UPST enters the back half of June with two pressure points converging: short interest is creeping back up after a month-long decline, and the options market has just printed its most defensive reading in weeks — all while the stock drifts 2.4% lower on the week to $31.46.
The positioning story is where the tension lives. Short interest has climbed to 27.7% of free float — among the most heavily shorted names in consumer finance — and has ticked up roughly 2% over the past week after falling about 1.7% through May. That rebuild is happening into tightening borrow availability: shares available to lend have fallen 30% in one week, dropping to just 23.4% of short interest from above 33% last Monday. At this level, availability has nearly halved from its mid-June reading of 51%, and is now approaching the lows that marked early June when the borrow pool tightened to a 52-week floor of 12.6%. Cost to borrow, by contrast, remains negligible at 0.69% — down 15% on the week — so the tighter availability hasn't yet translated into a premium for new shorts. That divergence is worth watching: short interest is growing and availability is shrinking, but the price of the borrow hasn't moved. The ORTEX short score has drifted to 75.3, a two-week high, ranking UPST in just the 2nd percentile of the universe on short score — one of the most short-pressured names tracked. Options are adding to the cautious read: the put/call ratio jumped to 0.67, nearly three standard deviations above its 20-day average of 0.61. That's the most defensive options posture UPST has seen in the post-May-earnings period, and sits near the middle of its 52-week range between 0.43 and 0.98.
The Street is constructive in aggregate but has been steadily trimming its ambitions.
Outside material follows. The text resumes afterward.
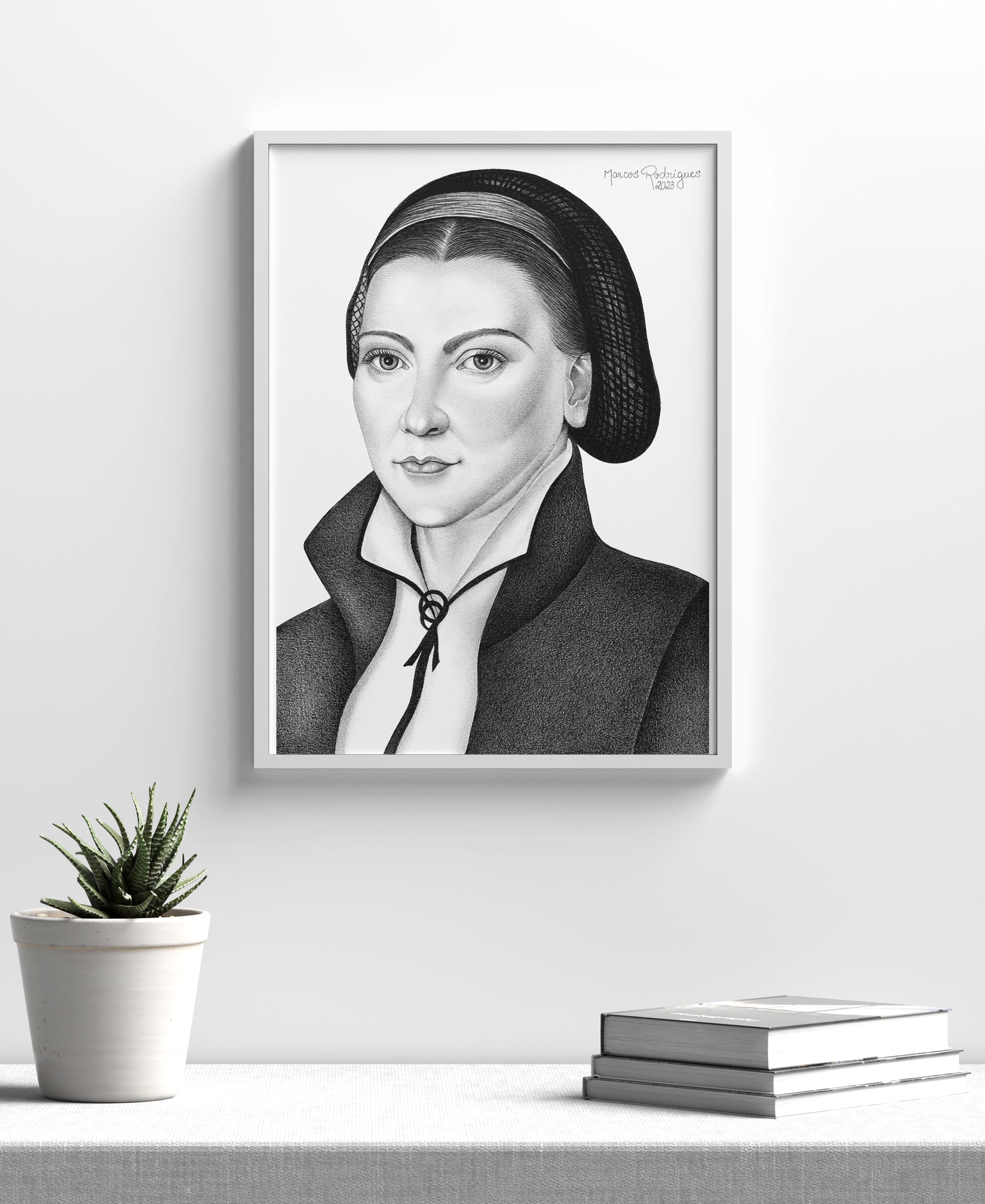 Print artístico exclusivo com o retrato de Katharina von Bora (1499 – 1552), mulher de fé e esposa de Martinho Lutero, conhecida como “a mãe da Reforma” por sua força, sabedoria e dedicação ao sustento do lar reformador em Wittenberg.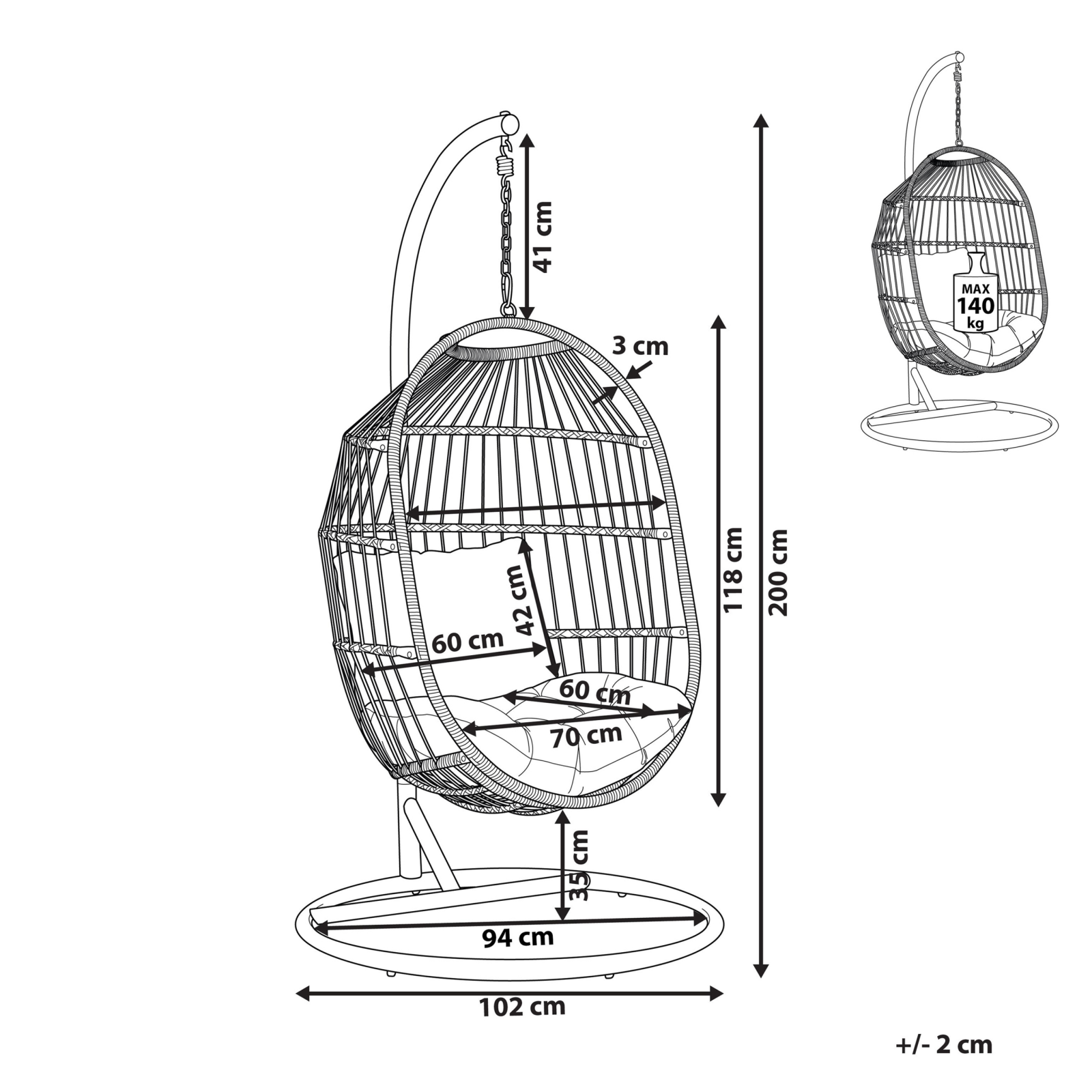 Fotoliu suspendat cu design boho. Adaugă un plus de stil și confort în casa ta cu acest fotoliu suspendat în tendințe, perfect pentru living sau terasă. Mai mult decât un simplu obiect de decor, acesta devine un refugiu de relaxare, un loc în care te poți destinde și scăpa de stresul zilnic. Mișcarea ușoară de leagăn, generată de suspensia cu lanț, îți va oferi momente de liniște și serenitate, învăluindu-te într-o atmosferă plăcută. Realizat din ratan sintetic rezistent, își va păstra aspectul elegant pe termen lung. Te invită să te oprești din ritmul agitat al zilei și să te bucuri de momente de răsfăț. Detalii: Tip de Produs: Fotoloiu suspendat. Stil: Boho. Culoare: Maro. Material: Ratan sintetic. Material primar: Ratan sintetic. Material secundar: Țesătură. Detalii material picioare: Metal. Material scaun: Țesătură. Compoziția materialului: 100% Poliester. Finisaj: Acoperire pulverizată. Densitatea pernei scaunului: 25 kg/m3. Dimensiuni: Bază: 102x102. Adâncime: 102 cm. Grosimea scaunului: 15 cm. Înălțimea scaunului: 35 cm. Lățime: 102 cm. Înălțime: 200 cm. Suprafața de ședere: 70x60 cm. Greutate: 34 kg. Capacitatea de greutate: 140 kg. Oferta incude: 1 x Scaun, 1 x Pernă pentru șezut, 1 x Pernă, 1 x Suport. Caracteristici cheie: Formă curbată pentru a maximiza confortul, Se integrează practic cu orice stil de amenajare, Structură proiectată pentru a oferi stabilitate maximă, Atât în interior cât și în exterior, Rezistența la UV 5 (ISO 105-B02). Asamblare: Necesită asamblare parțială.20-40 min. Informații suplimentare: Vă rugăm să rețineți că produsul este sensibil la condițiile meteorologice și trebuie păstrat în interior sau într-un loc acoperit și moderat, atunci când nu este folosit. Pentru o stabilitate și siguranță maximă în utilizare, se recomandă să verificați la aproximativ 2 săptămâni după instalare dacă produsul a fost asamblat corect. De asemenea, se recomandă să verificați dacă șuruburile sunt strânse corect, o dată la 3 luni. Descriere: Mobilierul rezistent la razele UV oferă o protecție sporită împotriva decolorării sau schimbării culorii. Totuși, recomandăm depozitarea produsului într-un loc acoperit atunci când nu este folosit. Astfel, veți asigura o durată de viață maximă a mobilierului. Rezistență: UV. Sfaturi de întreținere: Ratan sintetic: 1.Curățați cu soluții de curățare pe bază de săpun. Evitați produsele de curățare caustice sau chimice. 2.Pentru a prelungi durata de viață a mobilierului, protejați-l de expunerea directă la soare. 3.Ustensilele sau accesoriile din sticlă pot provoca supraîncălzirea suprafeței. 4.Se recomandă să folosiți o husă de protecție pentru sezonul de iarnă sau, dacă este posibil, să păstrați mobilierul uscat și răcoros în interior. Oțel: 1.Curățarea regulată și depozitarea lor în interior crește durata de viață a mobilierului de grădină. 2.Curățați cu soluții de curățare delicate disponibile în comerț. 3.Pentru a asigura protecția împotriva coroziunii, evitați agenții de curățare pe bază de substanțe alcaline sau acide. Uscați bine după curățare. 4.Când nu este utilizat, mobilierul trebuie depozitat în interior sau acoperit cu o husă de protecție. 5.Îndepărtați periodic capacele de protecție pentru a permite evacuarea lichidului, lăsați să se usuce și folosiți spray anti-coroziune dacă este necesar. 6.Orice deteriorare a stratului de vopsea exterioară trebuie protejată de umiditate. 7.Vă rugăm să rețineți că acest produs nu trebuie să intre în contact cu apa, deoarece acest lucru ar putea duce la scurgerea de apă ruginită din centrul țevilor cadru. 8.Se recomandă ca, de două ori pe an, mobilierul să fie protejat cu un etanșant sau cu un tratament antirugină, pentru a-i prelungi durata de viață. Țesătură: 1.Spălați numai manual, folosind apă rece și un detergent delicat. Spălați pe fața materialului, cu fermoarul închis. 2.Nu se usucă la mașina de uscat și nu se calcă. 3.Când nu este utilizat, păstrați-l într-un loc curat și uscat pentru a-l proteja de condițiile atmosferice.

Analyst targets cluster around $37–$51 across the active bulls, with a consensus mean near $40 — about 27% above the current price. The direction of travel, however, has been one of selective target cuts: following the May earnings miss, Piper Sandler lowered its target from $56 to $46 while holding Overweight, and Needham trimmed from $40 to $37 maintaining Buy. BTIG held its $43 Buy unchanged. That pattern — rating held, target cut — is the Street's way of saying "still believers, but the near-term path is messier than expected." The one outlier on the other side is Citizens, which maintains a Market Underperform at $20, well below where the stock trades. On valuation, the P/E has expanded to 11.3x over the past month — up nearly a full turn in 30 days — while EV/EBITDA has eased to 11.9x. EPS momentum ranks in the 89th and 86th percentile over 30- and 90-day windows, a genuine bright spot. The bull case rests on AI-driven underwriting differentiation and the shift to committed capital reducing funding volatility; bears point to private credit headwinds and the sensitivity of the model to rate moves.
Insider activity through May and early June has been uniformly one-directional: all sells. The divisional president sold shares three separate times — in May and again on June 9 at $30.41 — alongside the CFO and Chief Legal Officer. None of the individual transactions are large enough to move markets, but the pattern across five different executives across six weeks points to consistent distribution near current price levels, not accumulation. Net insider flow over the past 90 days is a positive $7.6 million in value terms, though that reflects share count changes rather than open-market buying — the recent-trade table shows zero purchases.
The next earnings event is August 4. The two most recent prints delivered sharp swings in opposite directions: a 10% drop after the May 5 release, then a 10% gain following the May 28 event. That alternating pattern underscores the binary nature of each print for UPST, where guidance and loan volume metrics tend to reset positioning quickly. With short interest still near 28% of float, a squeeze or a pile-on following August 4 both remain live scenarios depending on the direction of the move.
What to watch into August: whether availability continues tightening toward the early-June lows of 12–14% — the point where new short demand starts to meet a genuinely constrained borrow pool — and whether the options put/call ratio continues to push toward its 52-week high of 0.98 as the earnings date approaches.